The advantage to this approach is particularly evident when it comes to marketplace scale. Ecommerce businesses and marketplaces often update their search index daily or even hourly with new products, customer reviews, inventory changes, changing search trends, etc. Thousands, sometimes millions of changes occur. With our approach, results are automatically adjusted and re-optimized for conversion in near real-time. 

long tail volume

Neural hashes combined with keywords offers the best of both worlds by optimizing all queries, from head queries to the long tail. With tight budgets, thin margins, and a global scramble to find machine learning engineers and build data science teams, most businesses can’t afford to build this type of hybrid AI retrieval in-house. We designed our solution as a composable, API-first solution for any business to deliver great results out-of-the-box. Sign up here to learn more.

Ranking for results

After retrieving relevant results, a search engine needs to rank them. ​​Learning-to-rank (LTR) is a type of machine learning that improves ranking and assists with precision. It includes supervised, unsupervised, and reinforcement learning. There are also variations like semi-supervised learning. Each of these solutions offers AI ranking capabilities to deliver improved results over more simpler statistical methods.  
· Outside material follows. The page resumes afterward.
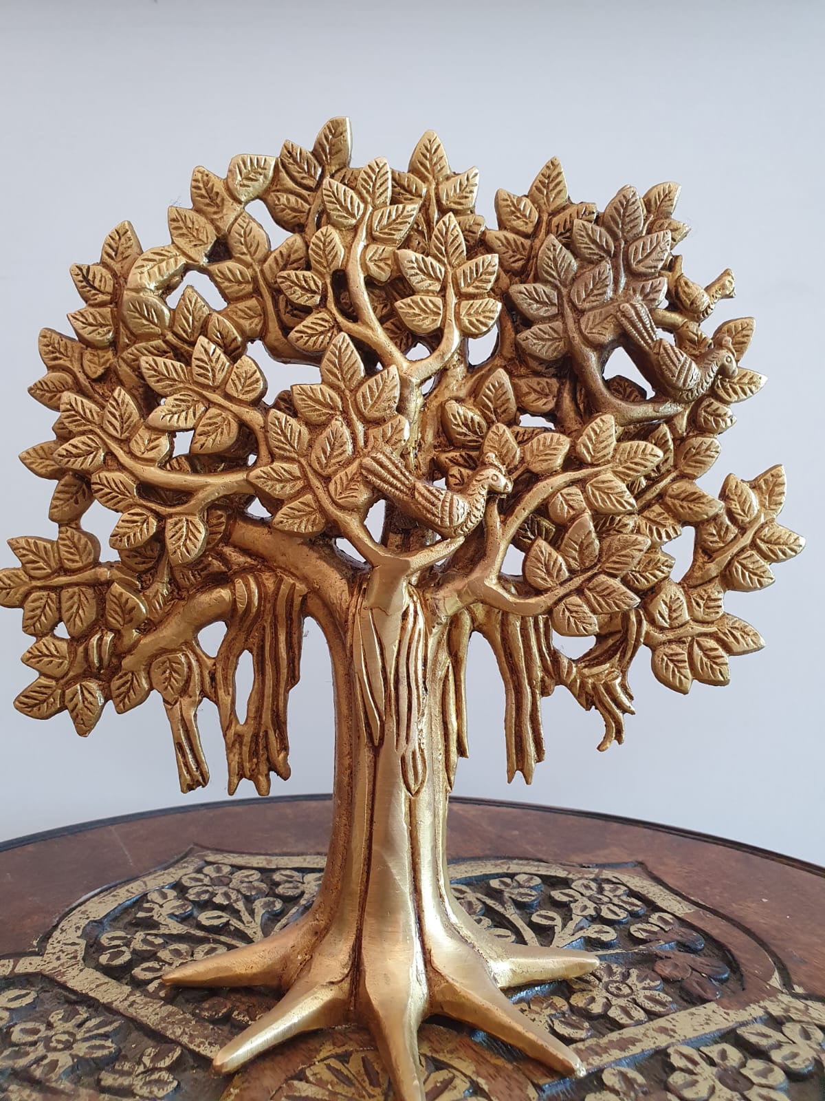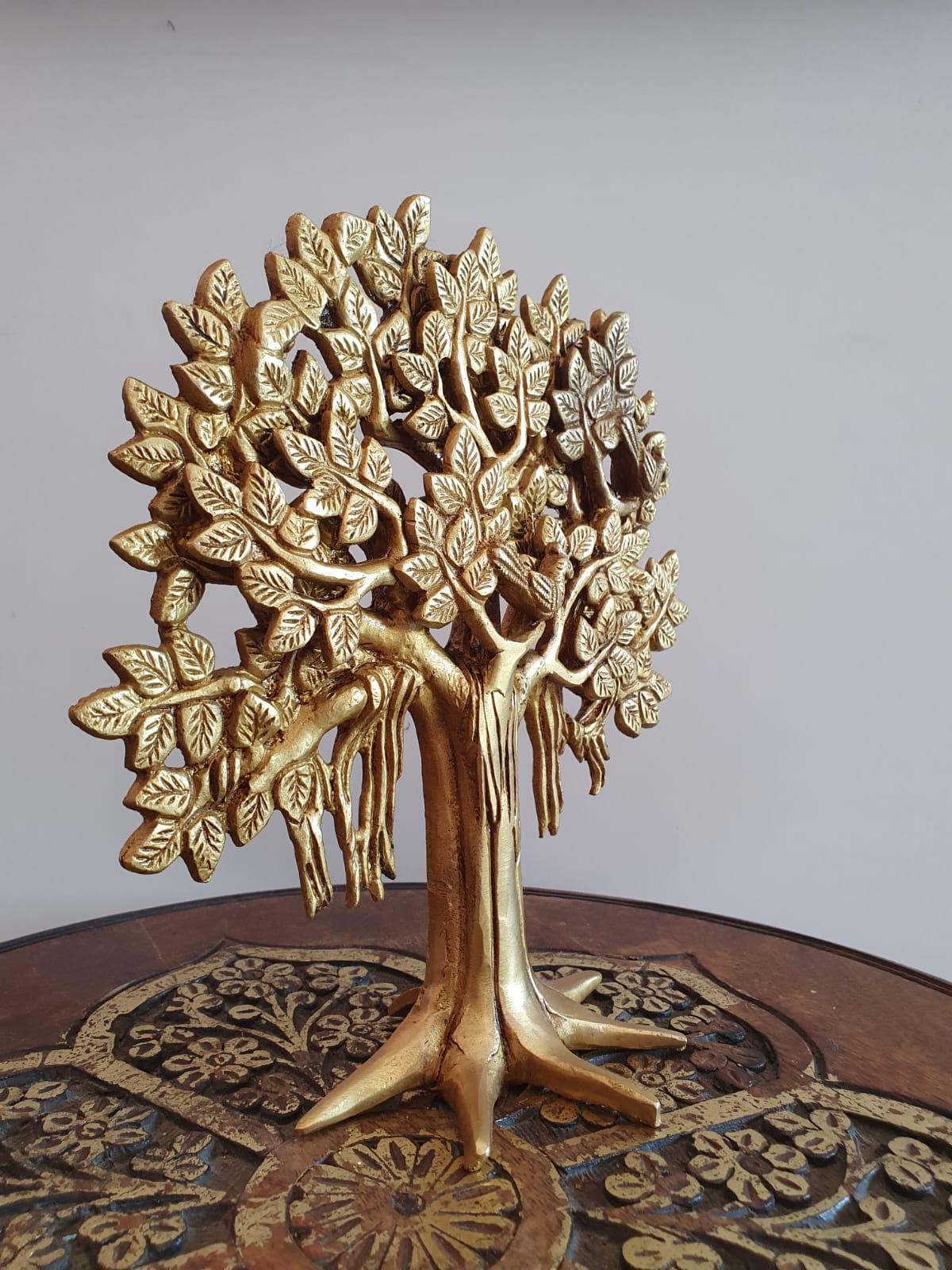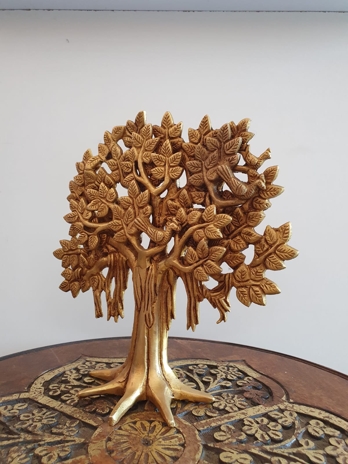Often representing the Tree of Life or the mythical Kalpavriksha (Wish-Fulfilling Tree), this sculpture embodies powerful virtues such as growth, strength, longevity, and prosperity. Its rich, golden hue and fine craftsmanship make it a sophisticated decorative accent that complements both traditional and modern decor styles.

Positive reinforcement such as clicks, conversions, signups, ratings, etc., can be used to improve ranking automatically. At Algolia, our Dynamic Re-ranking (DRR) capability mainly uses clicks as there is significantly more available data (faster to get to higher confidence), but we also use later events if there is sufficient data. Results can be further refined with personalization, merchandising, and other curated results. While customers can rely on the automation, they still have control to display or rerank results however they want. 

We highly encourage organizations to connect as much business data as possible so search results can be optimized automatically. In fact, true AI search is also continually learning from clickstream data. There’s a smart interplay between AI-powered retrieval and ranking. 

  • Better initial relevance drives higher interactions with visitors
  • Higher clicks, conversions, and other positive signals improve re-ranking
  • This is fed back into the retrieval engine to improve relevance

Next steps for marketplace retailers 

It took Amazon, eBay, and marketplace providers decades and thousands of specialist engineers to build scalable artificial intelligence for search. With our hybrid AI solution, Algolia NeuralSearch™ Search and Discovery, it can now be accomplished by anyone in minutes. Better results improve user experience, overall conversion rates, customer lifetime value, segment growth, and other KPIs.